The National Hollerin' Contest was an annual competition held in Spivey's Corner, North Carolina. It began in 1969, continuing until 2015.

The contest, formerly held on the third Saturday in June, was inaugurated to revive the almost-lost art of "hollerin'", a sophisticated vocal tradition that served as a means of long-distance communication between individuals as well as an amusing form of entertainment, before the widespread adoption of the telephone. The proceeds from the event were, and continue to be, donated to the Spivey's Corner Volunteer Fire Department.

Contestants from the contest have appeared on The Tonight Show Starring Johnny Carson, The Late Show with David Letterman, and The Late Show with Stephen Colbert.

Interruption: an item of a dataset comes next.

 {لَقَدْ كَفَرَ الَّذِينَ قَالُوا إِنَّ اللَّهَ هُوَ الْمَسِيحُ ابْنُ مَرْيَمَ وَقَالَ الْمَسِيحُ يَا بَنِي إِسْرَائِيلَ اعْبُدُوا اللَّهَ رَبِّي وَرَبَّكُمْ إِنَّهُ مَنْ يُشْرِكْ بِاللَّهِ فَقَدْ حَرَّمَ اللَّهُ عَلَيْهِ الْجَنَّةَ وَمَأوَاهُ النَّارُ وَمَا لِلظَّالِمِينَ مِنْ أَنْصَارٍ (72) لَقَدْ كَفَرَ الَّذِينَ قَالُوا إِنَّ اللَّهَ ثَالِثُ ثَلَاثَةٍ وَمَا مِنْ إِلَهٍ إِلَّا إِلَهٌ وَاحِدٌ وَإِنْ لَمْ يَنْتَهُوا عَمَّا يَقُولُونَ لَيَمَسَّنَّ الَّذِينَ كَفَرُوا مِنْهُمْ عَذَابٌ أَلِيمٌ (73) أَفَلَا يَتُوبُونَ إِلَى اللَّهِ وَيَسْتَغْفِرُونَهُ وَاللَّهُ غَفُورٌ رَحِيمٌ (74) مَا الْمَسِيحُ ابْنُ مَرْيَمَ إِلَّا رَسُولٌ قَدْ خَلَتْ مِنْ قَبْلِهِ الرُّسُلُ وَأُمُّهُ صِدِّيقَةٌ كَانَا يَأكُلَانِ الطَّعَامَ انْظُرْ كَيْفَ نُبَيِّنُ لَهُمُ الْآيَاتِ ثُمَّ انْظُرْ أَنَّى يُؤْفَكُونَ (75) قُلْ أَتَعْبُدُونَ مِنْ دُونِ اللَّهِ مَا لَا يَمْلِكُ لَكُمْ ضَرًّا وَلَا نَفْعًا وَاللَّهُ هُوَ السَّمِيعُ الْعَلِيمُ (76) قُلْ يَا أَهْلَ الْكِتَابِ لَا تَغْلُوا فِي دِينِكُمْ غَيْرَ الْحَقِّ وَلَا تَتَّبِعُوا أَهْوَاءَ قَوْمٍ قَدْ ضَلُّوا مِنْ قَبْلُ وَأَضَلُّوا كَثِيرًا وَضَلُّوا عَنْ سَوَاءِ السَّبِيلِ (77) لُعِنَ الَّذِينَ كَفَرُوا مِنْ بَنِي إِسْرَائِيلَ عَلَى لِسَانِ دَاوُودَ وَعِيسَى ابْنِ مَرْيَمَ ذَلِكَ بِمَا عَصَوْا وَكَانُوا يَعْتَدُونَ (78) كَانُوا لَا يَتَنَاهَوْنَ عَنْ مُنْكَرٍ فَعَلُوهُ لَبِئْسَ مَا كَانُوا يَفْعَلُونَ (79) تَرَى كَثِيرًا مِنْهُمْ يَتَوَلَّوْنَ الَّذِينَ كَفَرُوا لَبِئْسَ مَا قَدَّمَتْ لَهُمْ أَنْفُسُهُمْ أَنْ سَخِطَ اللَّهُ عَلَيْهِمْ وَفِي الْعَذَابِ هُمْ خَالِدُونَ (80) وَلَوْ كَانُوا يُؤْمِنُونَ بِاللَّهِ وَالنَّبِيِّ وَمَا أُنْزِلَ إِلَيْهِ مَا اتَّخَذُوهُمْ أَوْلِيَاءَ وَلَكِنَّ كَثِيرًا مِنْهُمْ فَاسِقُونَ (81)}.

In 2013, the National Hollerin' Contest became part of the Hollerin' Heritage Festival. The festival was held annually on the second Saturday in September on the property of the Spivey's Corner Volunteer Fire Department. The 2016 Hollerin' contest was cancelled after 47 years. A man named Robby Goodman, a former junior winner of the Hollerin' Contest, took the cancelled event and turned it into something new to continue the tradition. It was then known as the World Wide Hollerin' Festival and was held on October 8, 2016 at Paradise Acres in Hope Mills, North Carolina. This was the first and only World Wide Hollerin’ Festival, as it would not be continued the following year.